WebSocket for voicebots

All int type are unsigned 64 bit integers.

Messages and events

Here are the precise definitions of the different messages and events.

Except the audio packets that are sent as binary WS messages, all commands from the client (requests) are sent as WS text messages containing UTF-8 encoded JSON objects in the form:

{
"command": "some-command-name",
"request_id": 0,
"channel_id": "uie46e4ui6",
"headers": {},
"body": "unicode text"
}

where:

FieldTypePossible ValuesDescription
commandstrsee overviewThe command name
request_idintmonotonic counterunique request identifier set by the client for reference by responses or events from the server
channel_idstrunique identifiersession identifier set by the server and repeated by the client
headersmapcommand dependentcommand specific parameters
bodytextcommand dependentcommand specific payload

The command used to open a session doesn't need to provide a channel_id since it is not set yet. If that command provides a value in that field, it will be used as a prefix for the actual channel_id returned by the server. The channel_id doesn't change during the session.

The channel_id is only useful for debugging now, as the couple channel_id + request_id uniquely identifies a request (and its follow-up responses) across sessions and clients.

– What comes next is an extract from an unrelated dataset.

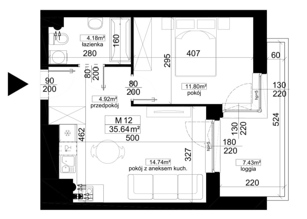POKOI: 2 PIĘTRO: 1 LOGGIA: 6,99m2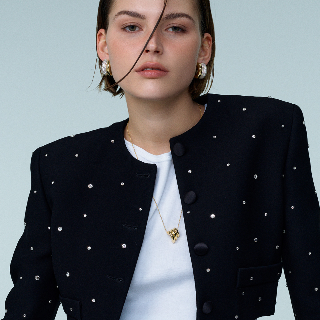 NUMBERING #5738 Gradient Triple Pipe Pendant Necklace Gold

In the future, it may be used to multiplex several parallel session in the same connection.

All responses to commands or events are also text WS messages containing UTF-8 encoded JSON objects in the form:

{
"event": "some-event-name",
"request_id": 0,
"channel_id": "uie46e4ui6",
"completion_cause": null,
"completion_reason": null,
"headers": {},
"body": {}
}

where:

FieldTypePossible ValuesDescription
eventstrsee for each command belowevent name
request_idintany request_id already received from the clientreference to the request this event responds to
channel_idstrunique identifiersession identifier set by the server
completion_causestr / nullevent dependentoptional: complementary status of event
completion_reasonstr / nullfree-form explanation message
headersmapevent dependentevent specific attributes
bodyobjectevent dependentevent payload

In the definitions below, we won't repeat the request_id or channel_id and empty fields are omitted.

Open a session

  • command: OPEN
  • headers:
    • custom_id: string, optional, freely set by the client (to identify its own customer for example)
    • session_id: string, optional, freely set by the client to identify the session on its side, an that will be visible in the server logs an in the Dev Console.
    • audio_codec: string, to set the codec of the streamed audio:
      • "linear": raw PCM 16 bit signed little endian samples at 8khz rate;
      • "g711a": G711 a-law at 8khz sample rate;
      • "g711u": G711 μ-law at 8khz sample rate.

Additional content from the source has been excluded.